A3-4 無料で健康相談を実施している旨についての広告は可能ですが、広告するに際し、費用を強調した広告は品位を損ねるもので、適切ではありません。
写真関連
Q2-12 広告に従業者の写真を掲載することは可能でしょうか。(法第6条の5第1項第6号及び第7号、広告告示第1条第1号関係)
A2-12 法又は広告告示により広告が可能とされた事項については、文字だけでなく、写真、イラスト、映像、音声等による表現が可能です。
例えば、以下のような広告は可能です。
- 従業者の人員配置として、病棟又は診療科の従業者の人数、配置状況として写真を掲載すること。
- 医療従事者に関する事項として広告可能な氏名、年齢、性別、役職及び略歴を写真とともに掲載すること。
Q2-13 広告に診療風景等の写真を掲載することは可能でしょうか。

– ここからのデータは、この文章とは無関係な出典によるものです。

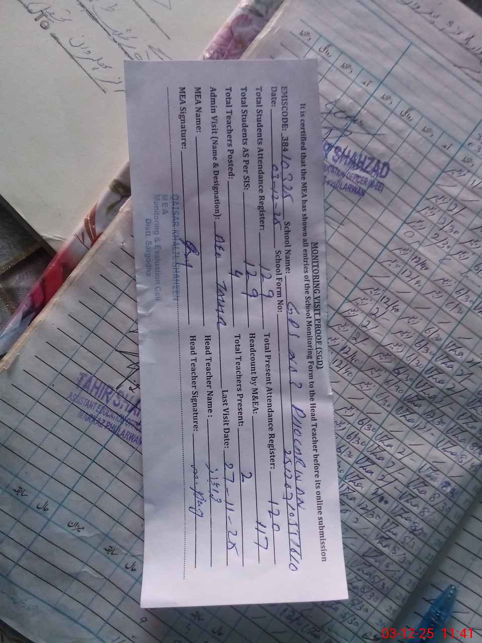 | EMIS Code: 38410325 | Name of School: GPS NO. 3 PHULARWAN | |||
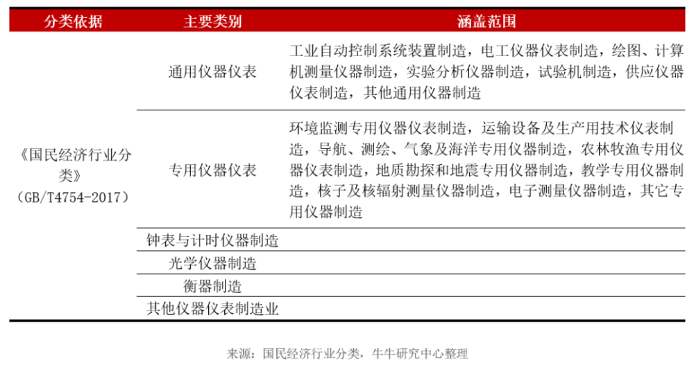 為了進(jìn)一步理清儀器儀表行業(yè)的大致情況,本文將從行業(yè)劃分、產(chǎn)業(yè)結(jié)構(gòu)、產(chǎn)能、上市公司營收結(jié)構(gòu)等方面,進(jìn)行行業(yè)梳理。
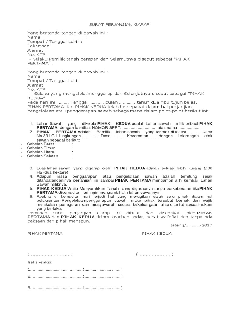 Demikian contoh surat oper alih tanah garapan ini dibuat semoga bisa menjadi referensi yang baik bagi anda yang membutuhkan. Kumpulan contoh surat lamaran kerja contoh surat perjanjian garap tanah surat dinas resmi contoh surat perjanjian garap tanah surat izin pernyataan. Contoh surat perjanjian garap tanah. Pada artikel sebelumnya kita telah membahas mengenai surat perjanjian jual beli rumah sederhanapada artikel contoh surat perjanjian jual beli tanah terbaru kali ini kita akan membahas mengenai topik yang hampir sama. Mohon maaf apabila terdapat kesamaan namatempatinformasi lain karena surat yang dibuat hanya bertujuan sebagai percontohan tanpa ada maksud apapun. Saat ini apakah anda berniat untuk menggadaikan sebagian atau keseluruhan tanah yang anda miliki untuk berbagai keperluan.
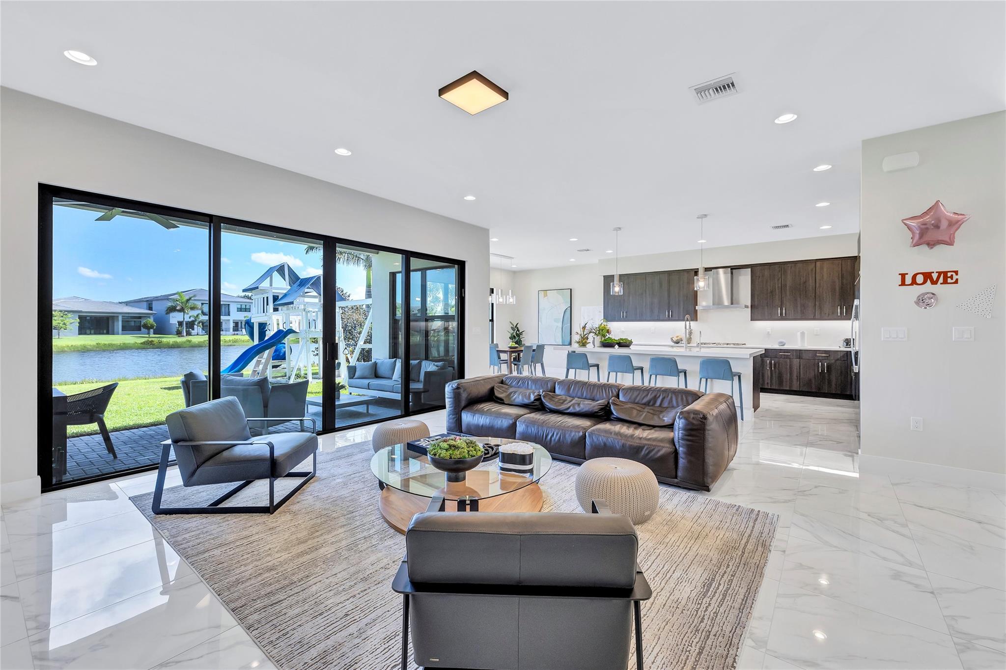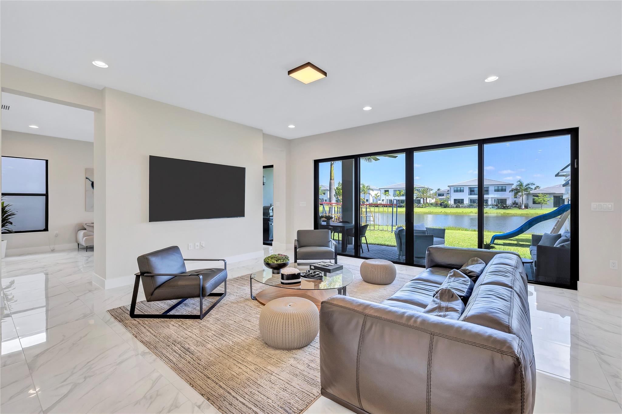 Price Improvement! It is not just a home it is a lifestyle! This Maldives (largest model in Lotus Palms) home is perfectly situated on a premium serene lakefront lot in a gated community. Inside, you will find 6 spacious bedrooms + office/den/game room/theatre & 6.5-bathroom home that also features a loft upstairs. This home features impact windows, 4 car garage and it is a natural gas community. The upgraded modern kitchen has state-of-the-art appliances and finishes. There are over 250k in options/upgrades in this home. You will also enjoy all the resort amenities in this 26,000 sq ft clubhouse including fitness center, yoga garden, splash pad, pool, pickelball, basketball and more. In the clubhouse dine at Crave & hang in The Lotus Palms Lounge.
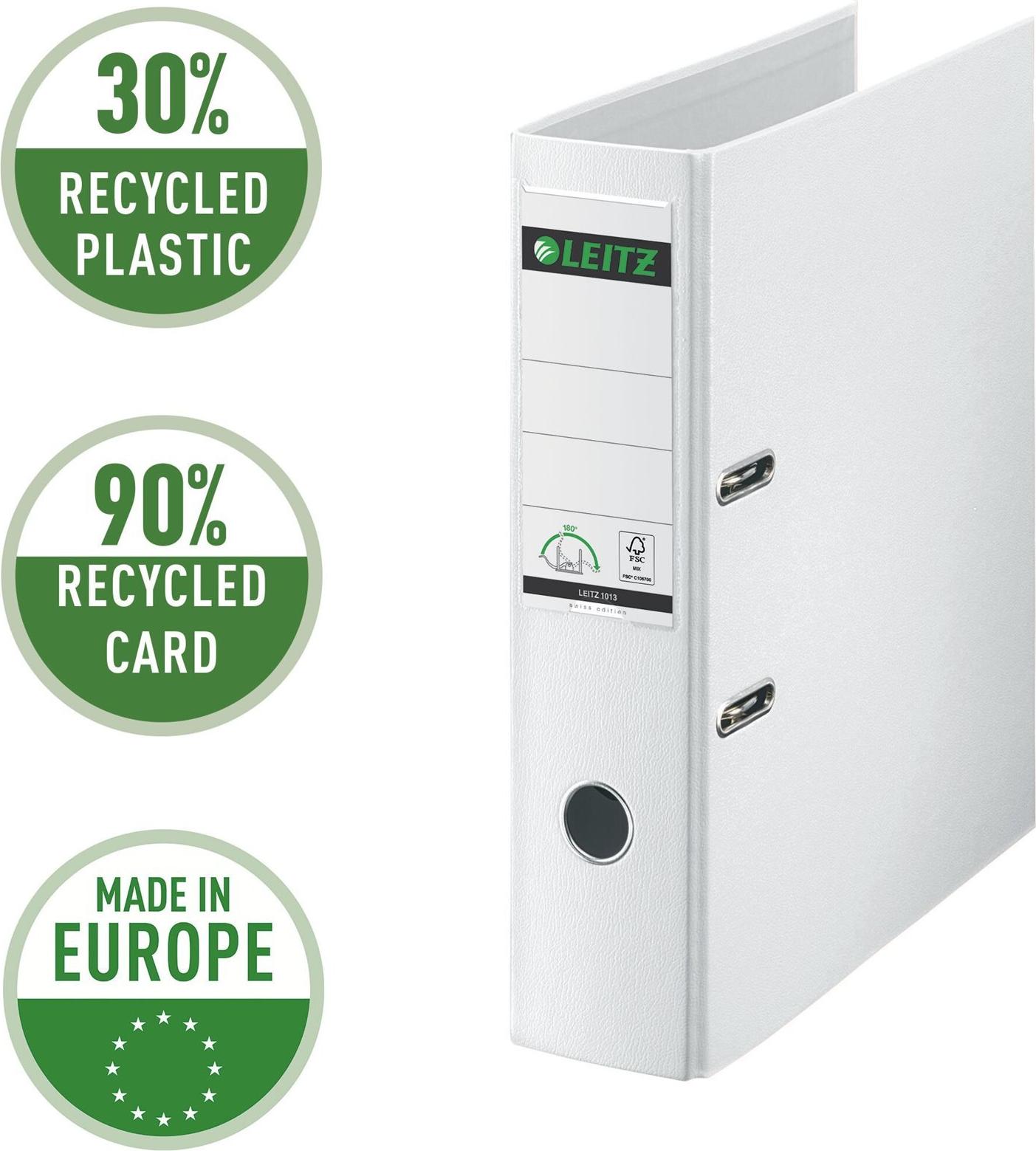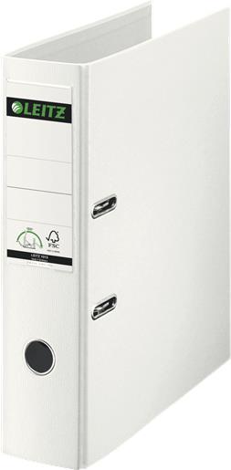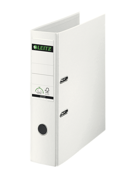 LEITZ Plastikordner, 180 Grad, DIN A4, 80 mm, weiß ohne Kantenschutz, farbiger Einband aus Pappe, mit PP-Folie - 1 Stück (1013-50-01)
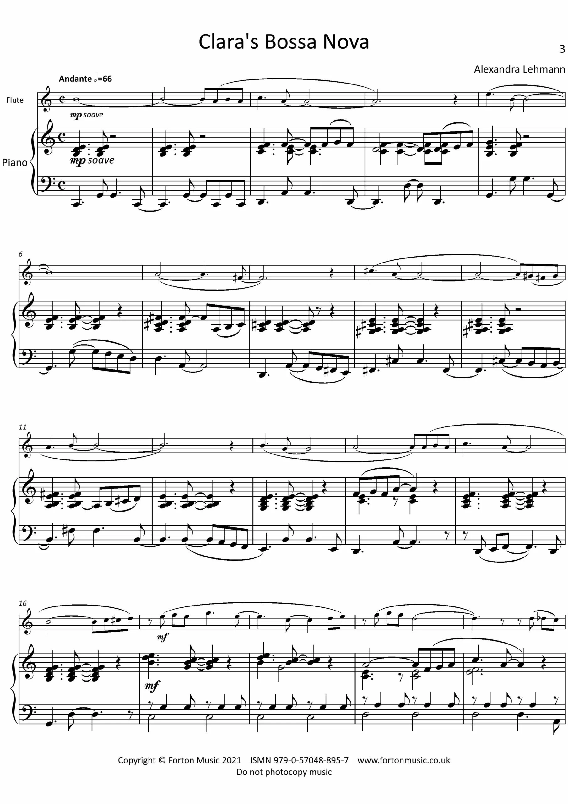 Whilst living in São Paulo in the late 1990s, where I played viola with the Opera Orchestra, I discovered Bossa Nova with its Jazz chords, syncopated rhythms, and sinuous melodies. There was also Samba Batucada everywhere: in the streets, cafés, office courtyards…Music was a communal and all-encompassing activity, with dance, costumes, at times song and/or chanting, and religion, such as Candomblé. I saw performances by street children and community clubs, all exhilarating with energy and a love of music. My daughter, Clara, has Brazilian heritage. Like Bossa Nova, she has that natural Brazilian swing, so this is composed for her.
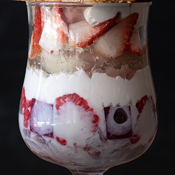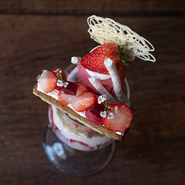 仕上げに、ココナッツミルクアイスと苺のソルベを添え、ミルキーなコクと甘酸っぱい果実の味わいが重なり合う、贅沢なパルフェです。
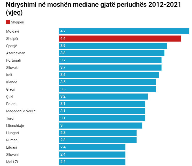 Ndërkohë, vendet e Bashkimit Europian janë plakur mesatarisht 2.2 vite gjatë periudhës 2012-2021, referuar Eurostat.
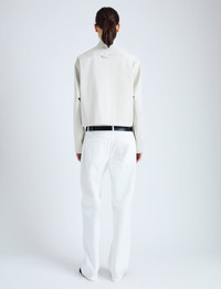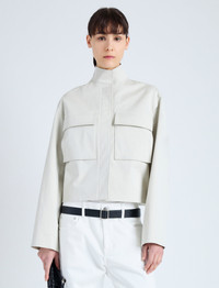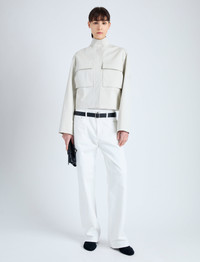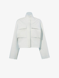 The Dylan Jacket in Organic Cotton Twill is crafted for an oversized, slightly cropped finish with drop shoulders and a high banded collar. Refined with a concealed placket and chest flap pockets. Details • Wheat • Band collar • Long sleeve • Chest flap pockets • Back neck hook detail • Fully lined • Cropped hem • Oversized finish • 97% cotton, 3% elastane • SKU: R2432006AC143272 Size & Fit • Model is 5'10'' with 32'' bust / 34'' hips. Wearing size 4 Care • 97% cotton, 3% elastane • Dry clean only

(法第6条の5第1項第6号、第8号及び第11号関係)
A2-13 法又は広告告示により広告が可能とされた事項については、文字だけでなく、写真、イラスト、映像、音声等による表現が可能です。
例えば、以下のような広告は可能です。
- 医療機関の構造設備に関する事項として、病室、談話室の設備の写真、据え置き型医療機器の写真を掲載すること。
- 医療機関の管理又は運営に関する事項として、セカンドオピニオンの実施、症例検討会の実施等の写真を掲載すること。
- 医療機関において提供される医療の内容に関する事項として、検査、手術等を含む診療風景の写真を掲載すること。なお、診療風景であっても、手術前、手術後のレントゲン写真等を含む写真を掲載することは、治療の効果に関する表現に該当するため広告できません。